| Data extract |
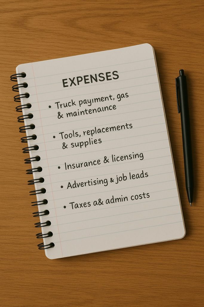 - Overhead: Add 10–20% to cover insurance, fuel, software, phone, and admin.
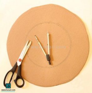 حالا با قیچی، قسمت وسط الگو را به دقت میبریم. به این ترتیب، الگوی حلقهای نمدی ما کامل میشود.
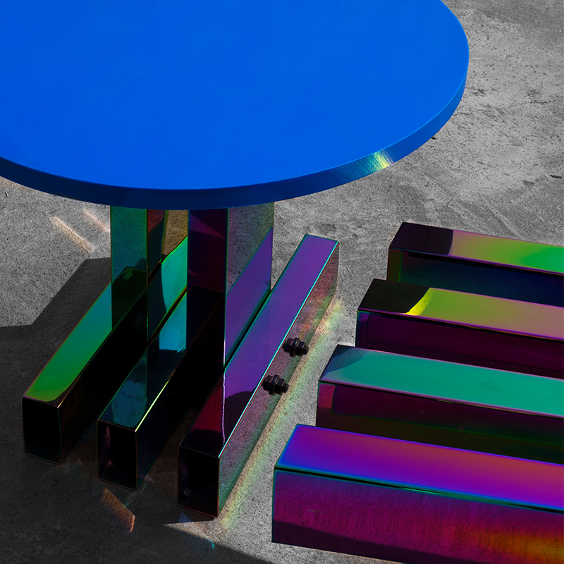 横竖横竖重复的组合方式,是来自草根的语言。常见工地搭台、围板,木方条拼组的,只需一次性的耐用而形成粗暴又稳固的结构方式。 极其炫丽浮夸的幻彩与粗鲁蛮横的草根形式形成反差,产生迷幻、跳脱、超现实的戏剧感受,似乎欲望的幻相,真实得不切实际。
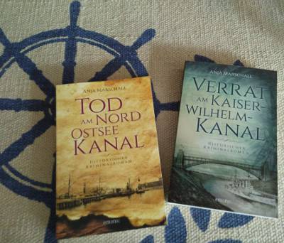 Die Autorin Anja Marschall hat zwei Kanalkrimis Tod am Nord-Ostsee-Kanal und Verrat am Kaiser-Wilhelm-Kanal geschrieben. Im Mittelpunkt dieser historischen Romane steht Kriminalinspektor Hauke Sötje, ein ehemaliger Kapitän, vielgereist und mit reichem Wissensschatz. Der erste Kanalkrimi mit dem Titel Tod am Nord-Ostsee-Kanal klingt ein wenig nach Agatha Christies Tod auf dem Nil, doch diese Assoziation führt in die Irre. Es geht in diesem Krimi um einen mysteriösen Todesfall bei den Bauarbeiten an der Kanalschleuse in Brunsbüttel im Jahr 1894, also ein Jahr vor Fertigstellung und Eröffnung des Kanals durch Kaiser Wilhelm II.. Der zweite Kanalkrimi spielt zwei Jahre später 1896 . Verrat am Kaiser-Wilhelm-Kanal handelt von Spionage und Machenschaften diverser Geheimdienste.

| Goal of the exercise |
The required output is the listing above reproduced exactly, pictures removed.

| Your response |
 - Overhead: Add 10–20% to cover insurance, fuel, software, phone, and admin.
 حالا با قیچی، قسمت وسط الگو را به دقت میبریم. به این ترتیب، الگوی حلقهای نمدی ما کامل میشود.
 横竖横竖重复的组合方式,是来自草根的语言。常见工地搭台、围板,木方条拼组的,只需一次性的耐用而形成粗暴又稳固的结构方式。 极其炫丽浮夸的幻彩与粗鲁蛮横的草根形式形成反差,产生迷幻、跳脱、超现实的戏剧感受,似乎欲望的幻相,真实得不切实际。
 Die Autorin Anja Marschall hat zwei Kanalkrimis Tod am Nord-Ostsee-Kanal und Verrat am Kaiser-Wilhelm-Kanal geschrieben. Im Mittelpunkt dieser historischen Romane steht Kriminalinspektor Hauke Sötje, ein ehemaliger Kapitän, vielgereist und mit reichem Wissensschatz. Der erste Kanalkrimi mit dem Titel Tod am Nord-Ostsee-Kanal klingt ein wenig nach Agatha Christies Tod auf dem Nil, doch diese Assoziation führt in die Irre. Es geht in diesem Krimi um einen mysteriösen Todesfall bei den Bauarbeiten an der Kanalschleuse in Brunsbüttel im Jahr 1894, also ein Jahr vor Fertigstellung und Eröffnung des Kanals durch Kaiser Wilhelm II.. Der zweite Kanalkrimi spielt zwei Jahre später 1896 . Verrat am Kaiser-Wilhelm-Kanal handelt von Spionage und Machenschaften diverser Geheimdienste.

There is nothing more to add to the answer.